Трубников. В особенности когда речь идет о моем действительно интернациональном открытии, спасающем человечество от болезней. От болезней! Поверьте, что я думаю сейчас не о себе!
Окунев (улыбнувшись). Ну, немножко и о себе.
Трубников. Что? (После молчания.) Да, если хотите, немножко и о себе. Если быть с вами совершенно откровенным, как с другом, то мне шестой десяток, и мне хочется немножко больше славы, чем я пока имею. Я говорю о научной славе, и в конце концов мне все равно, откуда бы она ни пришла — отсюда или оттуда. А книга, вышедшая там, — это все-таки книга, вышедшая там, это мировое признание. Немудрено, что их письма меня расстроили.
Окунев. Да, я забыл вам сказать. В Москве сейчас ассистент Мюррея — Эрвин. Он просил передать вам большой привет от Гарли и Мюррея, они огорчены, что от вас нет ответа.
Трубников. Помилуйте, откуда же ответ, когда вы мне вчера только привезли их письма?
Окунев. Сергей Александрович, вы в Москву не ездили, я здесь не был, а почтой посылать — еще пропали бы!
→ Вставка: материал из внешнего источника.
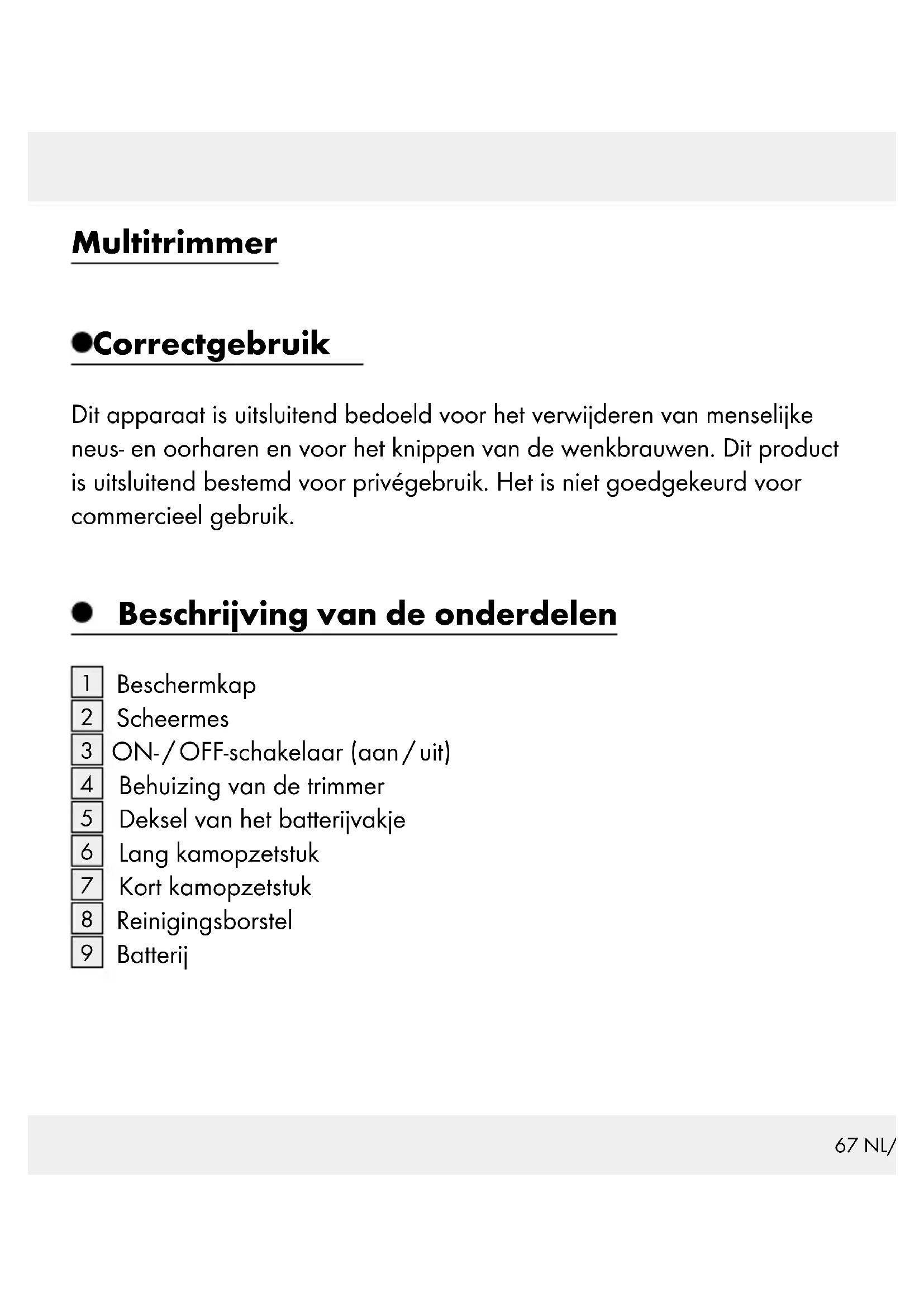 Gebruik de meegele- verde borstel indien er haren tussen de mes- sen zitten. Verwijdering De verpakking bestaat uit milieuvriendelijke grondstoffen die u via de plaatselijke recyclingcontainers kunt afvoeren. Informatie over de mogelijkheden om het uitgediende product te verwijderen, verstrekt uw gemeentelijke overheid.76 NL/BE Gooi het afgedankte product omwille van het milieu niet weg via het huisvuil, maar geef het af bij het daarvoor bestemde depot of het gemeentelijke milieupark. Over afgifteplaatsen en hun openingstijden kunt u zich bij uw aangewezen instantie informeren. Defecte of verbruikte batterijen moeten volgens de richtlijn 2006 / 66 / EG worden gerecycled. Geef batterijen en / of het apparaat af bij de daarvoor bestemde verzamelstations. Milieuschade door het foutief verwijderen van batterijen! Batterijen mogen niet via het huisvuil worden weggegooid. Ze kunnen giftig zwaar metaal bevatten en vallen onder het chemisch afval. De chemische symbolen van de zware metalen zijn als volgt: Cd = cadmium, Hg = kwik, Pb = lood. Geef verbruikte batterijen daarom af bij een gemeentelijk inza- melpunt.77 NL/BE Informatie Conformiteitsverklaring Wij, OWIM GmbH & Co. KG, Stiftsbergstraße 1, D-74167 Neckarsulm, verklaren alleen verantwoordelijk te zijn, dat het product Multitrimmer, modelnr.: Z31635, versie: 08 / 2015, waarvoor deze verklaring geldt, voldoet aan de normen / normatieve documenten van 2006 / 42 / EC, 2004 / 108 / EC, 2011 / 65 / EU. Toegepaste normen: EN 60335-1:2012 EN 60335-2-8 / A2:2008 EN 62233:2008 EN ISO 12100:2010 EN 50581:2012 EN 55014-1 / A2:2011 EN 55014-2 / A2:2008 Tobias Koenig Afdelingsmanager Neckarsulm, 10 Apr 201578 NL/BE De complete conformiteitsverklaring kunt u indien gewenst nalezen via www.owim.com. Garantie Het apparaat wordt volgens strenge kwaliteitsrichtlijnen zorgvuldig gepro- duceerd en voor levering grondig getest. In geval van schade aan het pro- duct kunt u rechtmatig beroep doen op de verkoper van het product. Deze wettelijke rechten worden door onze hierna vermelde garantie niet beperkt. U ontvangt op dit apparaat 3 jaar garantie vanaf de aankoopdatum. De garantieperiode start op de dag van aankoop. Bewaar de originele kassa- bon alstublieft. Dit document is nodig als bewijs voor aankoop. Wanneer binnen 3 jaar na de aankoopdatum van dit product een materiaal- of productiefout optreedt, dan wordt het product door ons – naar onze keuze – gratis voor u gerepareerd of vervangen. Deze garantie komt te vervallen als het product beschadigd wordt, niet correct gebruikt of onder- houden wordt. De garantie geldt voor materiaal- en productiefoute n. Deze garantie is niet van toepassing op productonderdelen, die onderhevig zijn aan normale slijtage en hierdoor als aan slijtage onderhevige onderdelen gelden (bijv. batterijen) of voor beschadigingen aan breekbare onderdelen, zoals bijv. schakelaars, accu’s of dergelijke onderdelen, die gemaakt zijn van glas.79 NL/BE80 DE/AT/CH Bestimmungsgemäße Verwendung .................... Seite 81 Teilebeschreibung ...............................................................Seite 81 Technische Daten .................................................................Seite 82 Lieferumfang ........................................................................... Seite 82 Sicherheitshinweise ...........................................................Seite 82 Sicherheitshinweise für Batterien ...................................................Seite 84 Inbetriebnahme Batterie einsetzen / auswechseln ..................................................Seite 86 Nasen- und Ohrhärchen entfernen ...............................................Seite 86 Augenbrauen schneiden ................................................................Seite 87 Reinigung, Pflege, Aufbewahrung.......................Seite 88 Fehler beheben .....................................................................Seite 89 Entsorgung ................................................................................Seite 90 Information Konformitätserklärung ....................................................................Seite 91 Garantie ...................................................................................... Seite 9281 DE/AT/CH Multitrimmer Bestimmungsgemäße Verwendung Dieses Gerät ist ausschließlich zum Entfernen von menschlichen Nasen- und Ohrhärchen und zum schneiden der Augenbrauen vorgesehen. Das Gerät ist ausschließlich für den privaten Gebrauch bestimmt. Es ist nicht für gewerbliche Zwecke zugelassen. Teilebeschreibung

Уж не гневайтесь!
Трубников. Да нет, что вы! Я благодарен вам. А чего ради приехал Эрвин?
Окунев. В составе очередной их делегации. Мне в Москве вечно приходится с ними возиться.
Трубников (после молчания). Конечно, если бы я мог решать только как ученый, откинув все прочие соображения, я бы послал сейчас же, с этим же Эрвином, раз он в Москве, Мюррею и Гарли технологию моих опытов, которая не оставила бы у них никаких сомнений. Послал бы просто как ученый ученым, как человек, стремящийся спасти человечество от болезней здесь, людям, стремящимся сделать это там. Не Трумэну же в конце концов я послал бы, а Гарли! Но тут есть два «но».
Окунев. Какие?
Трубников. Во-первых, технология у меня в двух частях, и вторая часть хотя уже написана, но не подтверждена еще опытом до конца, то есть, строго говоря, не закончена. Ну, а во-вторых, сейчас у нас начало становиться модным делать из всего секреты. Хотя, конечно, с позиций настоящего гуманизма глупо говорить о секрете производства прививок против болезней. Две части… Знаете, а что если послать Мюррею только первую часть технологии?
Окунев. Что в ней?
Трубников. Техническая разработка моего метода в части усиления заразности микробов — то, с чего я начал. В принципе она абсолютно доказывает правильность самого метода и в то же время без второй части, где практически разработано получение микробов с ослабленной заразностью, то есть получение уже препарата для прививок, — без этой второй части первая, так сказать, не выдает секрета производства. Меня ни в чем не смогут упрекнуть даже наши новоявленные любители научной конспирации. Понимаете?
Окунев. Вам хочется, чтобы я сказал «да» и взял бы эту первую часть технологии, ваши письма Мюррею и Гарли и отдал бы все это Эрвину в Москве, — так, что ли?